The government is likely to miss 5.5 percent revised fiscal deficit target for the current fiscal year due to higher than budgeted subsidies to the power sector in the current fiscal year, it is learnt. Sources told Business Recorder that the budgeted Rs 50 billion in 2011-12 for inter-Disco tariff differential, exclusive of Rs 312 billion for one-off payment for power sector, was revised upward to Rs 100 billion.
However, an official of the Finance Ministry revealed that subsidies to power sector have reached Rs 148 billion against the revised target of Rs 100 billion for the current fiscal year and may rise further as there are still a few days to go. The budgeted revenue of Rs 118.739 billion on account of Coalition Support Fund (CSF) revised downward to Rs 45.749 billion for the current fiscal year has little prospect of being disbursed by June 30, 2012.

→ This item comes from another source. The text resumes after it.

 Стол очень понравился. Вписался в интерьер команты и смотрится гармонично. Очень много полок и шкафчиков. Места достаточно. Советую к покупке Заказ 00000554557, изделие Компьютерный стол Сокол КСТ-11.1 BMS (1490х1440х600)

The Federal Board of Revenue's failure to achieve challenging revenue target of Rs 1952 billion for the current fiscal year would exacerbate the problem of fiscal deficit which, analysts believe, may touch 6 percent of the GDP, excluding 1.9 percent consolidation of arrears on electricity and commodities.

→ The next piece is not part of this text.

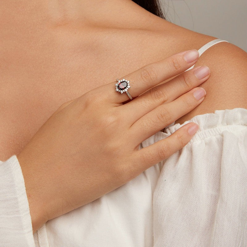 S925 Sterling Silver Irregular Red Open-end Zircon Ring

The budget deficit was projected at 4 percent of the GDP for the current fiscal year at the time of budget announcement by Finance Minister Dr Abdul Hafeez Sheikh but was subsequently revised upward to 4.7 percent and then to 5.5 percent in the Economic Survey.
The fiscal deficit including consolidation of electricity and commodities is expected to reach 8 percent for the current fiscal year of the GDP if expenditure on power sector continues at the prevalent rate and expected foreign inflows of Rs 45 billion are not disbursed before the end of current fiscal year.

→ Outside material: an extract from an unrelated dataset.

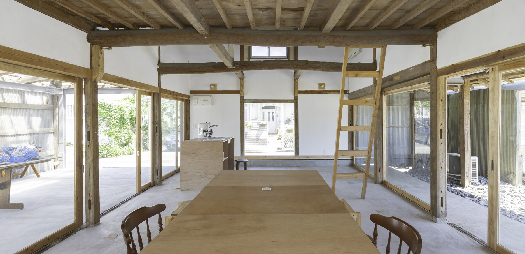 そうであれば、この蔵の改修も使えるものは引き続き使い、また、新しいプロジェクトのための必要な新しさは古いものや既存のものを最大限尊重して決定されるべきだろうと考えた。まずは地域での活動や交流に必要な開放性を作るために蔵の東西面を全てガラスの開口部とした。

An official of the Finance Ministry said that fiscal deficit of 5.5 percent has been estimated after an assurance by the FBR that revenue collection target of Rs 1952 billion would be achieved and any slippage on the part of FBR would compound the problem for the Finance Ministry. Increase in fiscal deficit would enhance government reliance on borrowing from the banking system and consequently further crowd out borrowing by the private sector leading to a paralysis of the sector that may have fuelled economic activity.